Data mining aims at finding interesting, useful or profitable information in very large databases. The enormous increase in size of available scientific and commercial databases as well as the continuing and exponential growth in performance of present day computers make data mining a very active field. Its main tasks, i.e., discrimination, clustering, and relation finding have already been partially explored in Data Analysis, Pattern Recognition, Artificial Intelligence and other fields, sometimes since a half century ago. The challenge, however, resides in the much increased size of problems considered. Indeed, instead of problem instances with a few tens or hundred entities, current ones often have thousands, tens of thousands and sometimes much more. Therefore, traditional methods are revised and streamlined. They are complemented by many new methods.

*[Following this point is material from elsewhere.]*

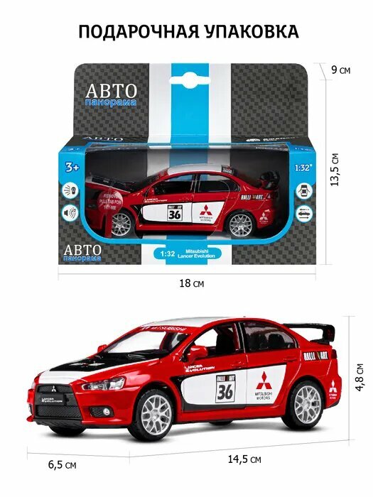 Легковой автомобиль Автопанорама Mitsubishi Lancer Evolution 1:32, 14.5 см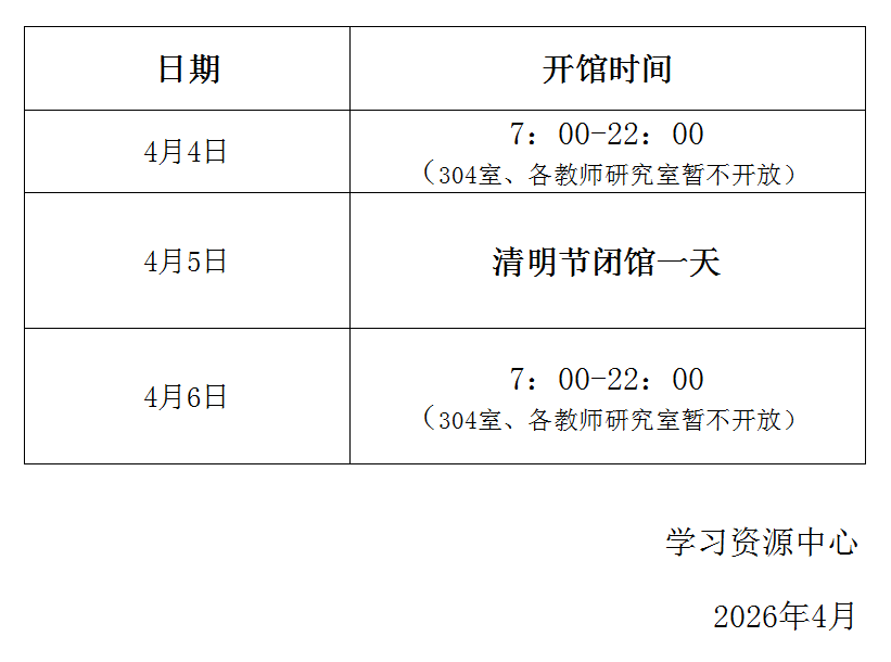 协和学院图书馆关于2026年清明节调整开放时间的通知

Mathematical Programming plays a key role in this endeavor. It forces to make precise the objective persued (e.g., a clustering criterion or a measure of discrimination) as well as the constraints imposed on the solution (e.g., find a partition, a covering or a hierarchy in clustering). It also provides powerful mathematical tools to build highly performing exact or approximate algorithms.

The workshop will be the occasion for pioneers in the Data Mining and Mathematical Programming fields, as well as promising young scientists (and some researchers in between) to meet and discuss main trends and developments. The three basic areas of data mining will be considered:

• Discrimination or supervised classification: build a function that best discriminates between good and bad entities of a given set, and classifies as correctly as possible new entities.

• Clustering or unsupervised classification: find subsets of a given set of entities that are homogeneous and well-separated.

• Relation finding: given a set of entities, together with measurements or observations on them, find relations satisfied by all, or by most, of them.